● Task
Repeat the listing exactly, line by line, and leave the pictures behind.

● Raw data

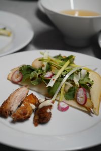 The pupils designed a starter that was a slow-cooked soy, ginger and scallion of Queen’s College pork ribs with a seasonal pear and radish salad. The pork was from the school-reared pigs that were butchered here at Queen’s with garlic grown by pupils outside the restaurant in the school kitchen garden.
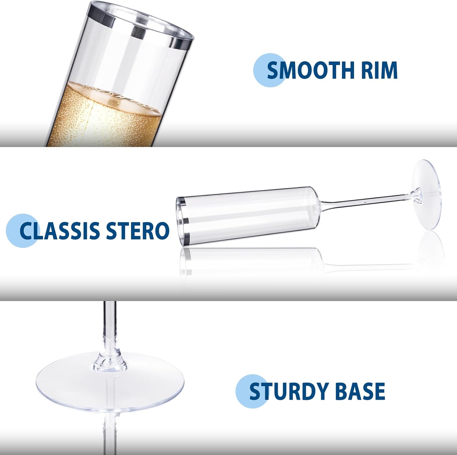 - The Perfect Gift: These plastic toasting glasses are sophisticated, glamorous and luxurious. They will make a unique gift that your family and friends are guaranteed to impress! Celebrate life's most memorable moments with a plastic disposable champagne flutes - weddings, anniversaries, mother's day, a costume reception or an engagement party that will surprise you beyond your wildest expectations.
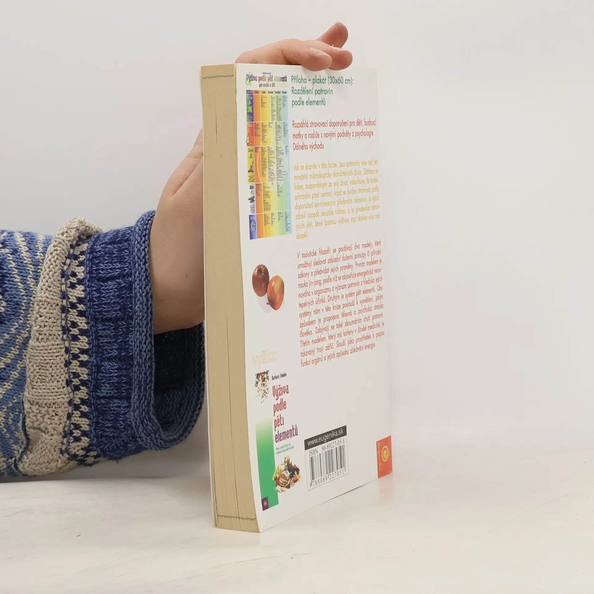 Kniha pojednává o výživě z hlediska východního myšlení. Potraviny zkoumá vzhledem k jejich tepelným účinkům. Důraz klade na propojení tělesné a psychické stránky člověka. Zaměřuje se na výživu související s přípravou na rodičovství, kojením a vařením pro děti. Najdete zde množství důležitých informací, údajů, doporučení a receptů. ... celý text

● Answer box
 The pupils designed a starter that was a slow-cooked soy, ginger and scallion of Queen’s College pork ribs with a seasonal pear and radish salad. The pork was from the school-reared pigs that were butchered here at Queen’s with garlic grown by pupils outside the restaurant in the school kitchen garden.
 - The Perfect Gift: These plastic toasting glasses are sophisticated, glamorous and luxurious. They will make a unique gift that your family and friends are guaranteed to impress! Celebrate life's most memorable moments with a plastic disposable champagne flutes - weddings, anniversaries, mother's day, a costume reception or an engagement party that will surprise you beyond your wildest expectations.
 Kniha pojednává o výživě z hlediska východního myšlení. Potraviny zkoumá vzhledem k jejich tepelným účinkům. Důraz klade na propojení tělesné a psychické stránky člověka. Zaměřuje se na výživu související s přípravou na rodičovství, kojením a vařením pro děti. Najdete zde množství důležitých informací, údajů, doporučení a receptů. ... celý text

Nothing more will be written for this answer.